What makes a “bad woman”? Does she laugh too loudly or speak out of turn, drink too hard or dance all the time, have too much sex or no sex at all or have the “wrong” kind of sex? Does she cry when she’s sad and break things when she’s angry? Does she wear an impossibly bright smile and laugh so the whole room can hear?

Here at the Musasa-JASS wellbeing circle, just outside of Harare in a lodge that might be as close to heaven as I’ll get, amongst a wildly diverse group of women, from the 20-year old trailblazing activist from rural Chiweshe who is working in severely marginalised mining communities in rural Zimbabwe to a talented, visionary artist from Matabeleland who happens to be gay and proud to the incisive, brave sex worker with her peacock-blue eye shadow and caustic wit—I’m meeting “bad women” of all shapes and sizes, creeds and colours.

It surprises me how far we can travel over three short days. How many tales women have to tell, how many battle scars they’re carrying, how all of us (in different ways) have chosen to fight against a system of patriarchy that’s inscribed on nearly every inch of our bodies and proscribes the choices we have. How we experience power over in our marriages and relationships, in our jobs and organisations, in our churches and village homes.

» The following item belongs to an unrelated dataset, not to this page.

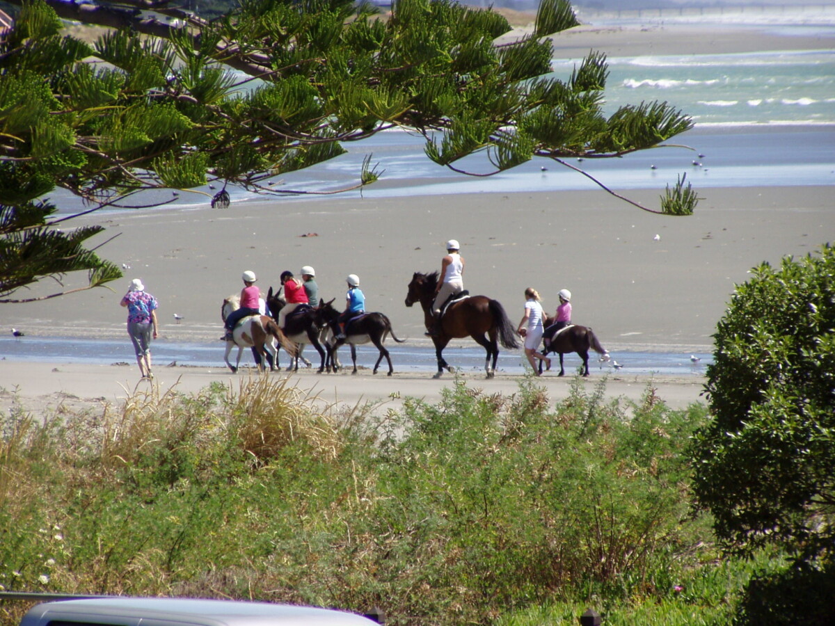 A group of children riding horses and donkeys along Sumner Beach. New Brighton Pier is visible in the background with a Norfolk Island Pine tree in the foreground.
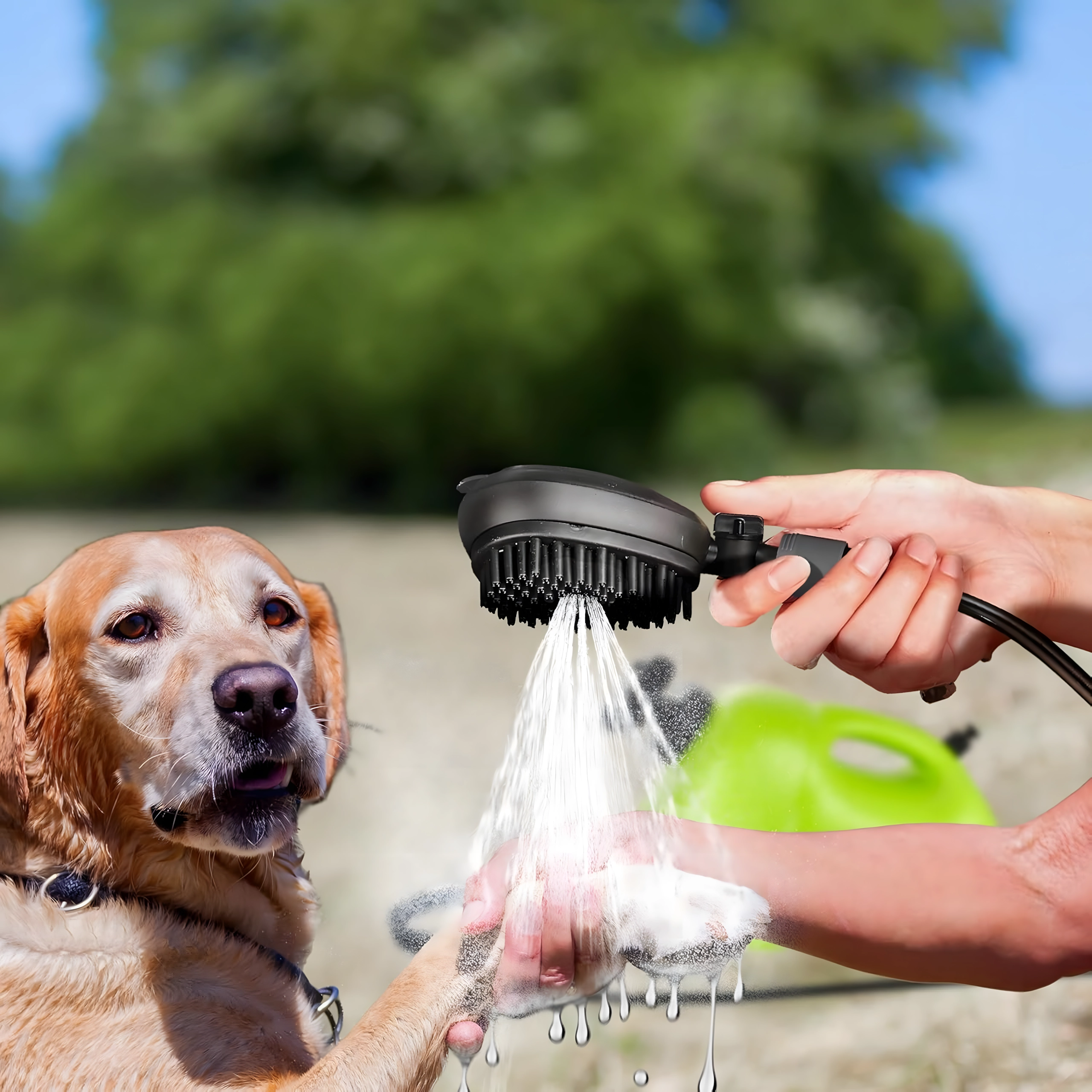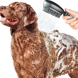 - 2 en 1 ducha + cepillo para lavar y masajear el pelaje en un solo paso

But there’s no doubt that being here in one place, with all the difference and diversity we inhabit is no small thing. It’s radical. It’s rebellion. It’s in this catalytic space that sparks awaken, resonances sound as we share our knowledge, and real change ignites.

On our first day, we sat together and told our stories. The depth of honesty that women allowed in that space was magical. There’s a reason why women gathering together and finding power within the collective are deemed “witches”—because there is an energy in it that is electrifying.

As we all know, with transgression come not just liberation but also backlash, insecurity, loneliness, and violence. And it’s clear just from being here that the answer to all of that is bound in collectives of powerful women who are passionate about building real and sustainable alternatives.

And if we build a house for “bad women” while we’re at it, you won’t hear us complaining.